**Exercise details**.
Lines from the opening of the material through the line containing "Инновационный культурный центр" must be duplicated word for word. Pictures are not.
--- Data shown Enclosed Below ---
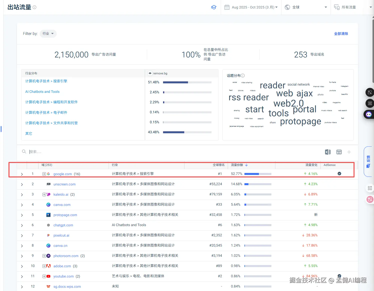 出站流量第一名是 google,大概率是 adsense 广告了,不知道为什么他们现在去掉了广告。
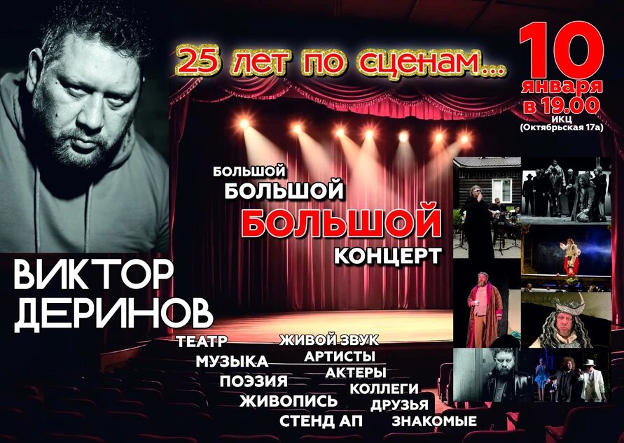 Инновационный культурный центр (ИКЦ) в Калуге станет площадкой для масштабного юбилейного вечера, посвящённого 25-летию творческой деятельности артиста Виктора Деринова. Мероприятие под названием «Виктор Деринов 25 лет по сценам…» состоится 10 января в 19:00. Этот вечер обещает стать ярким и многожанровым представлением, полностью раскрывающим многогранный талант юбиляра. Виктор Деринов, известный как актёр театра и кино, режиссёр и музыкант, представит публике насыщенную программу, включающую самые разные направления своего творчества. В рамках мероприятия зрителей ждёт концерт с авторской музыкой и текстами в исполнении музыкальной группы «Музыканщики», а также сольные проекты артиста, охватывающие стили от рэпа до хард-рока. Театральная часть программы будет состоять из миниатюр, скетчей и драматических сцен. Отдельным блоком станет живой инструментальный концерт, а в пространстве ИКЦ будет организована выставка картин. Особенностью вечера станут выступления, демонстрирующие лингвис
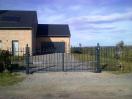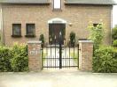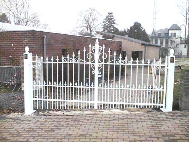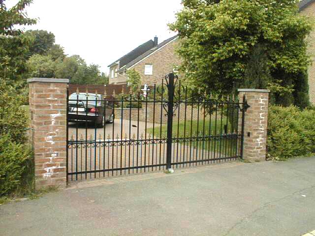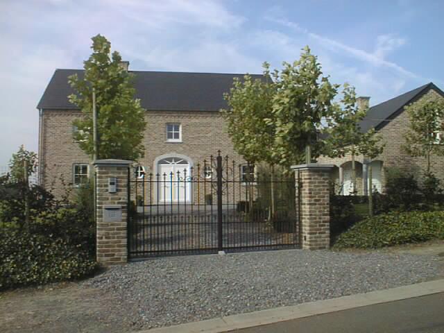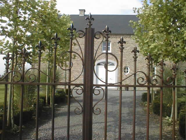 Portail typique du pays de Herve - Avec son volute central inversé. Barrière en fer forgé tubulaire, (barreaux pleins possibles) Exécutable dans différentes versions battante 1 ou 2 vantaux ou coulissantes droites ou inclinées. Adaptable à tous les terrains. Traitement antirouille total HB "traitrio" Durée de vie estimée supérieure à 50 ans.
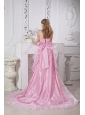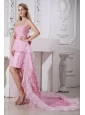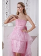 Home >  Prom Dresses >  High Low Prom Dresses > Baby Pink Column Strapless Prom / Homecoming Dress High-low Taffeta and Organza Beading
--- End of Enclosed Data shown ---
**Reply**.
 出站流量第一名是 google,大概率是 adsense 广告了,不知道为什么他们现在去掉了广告。
 Инновационный культурный центр (ИКЦ) в Калуге станет площадкой для масштабного юбилейного вечера, посвящённого 25-летию творческой деятельности артиста Виктора Деринова. Мероприятие под названием «Виктор Деринов 25 лет по сценам…» состоится 10 января в 19:00. Этот вечер обещает стать ярким и многожанровым представлением, полностью раскрывающим многогранный талант юбиляра. Виктор Деринов, известный как актёр театра и кино, режиссёр и музыкант, представит публике насыщенную программу, включающую самые разные направления своего творчества. В рамках мероприятия зрителей ждёт концерт с авторской музыкой и текстами в исполнении музыкальной группы «Музыканщики», а также сольные проекты артиста, охватывающие стили от рэпа до хард-рока. Театральная часть программы будет состоять из миниатюр, скетчей и драматических сцен. Отдельным блоком станет живой инструментальный концерт, а в пространстве ИКЦ будет организована выставка картин. Особенностью вечера станут выступления, демонстрирующие лингвис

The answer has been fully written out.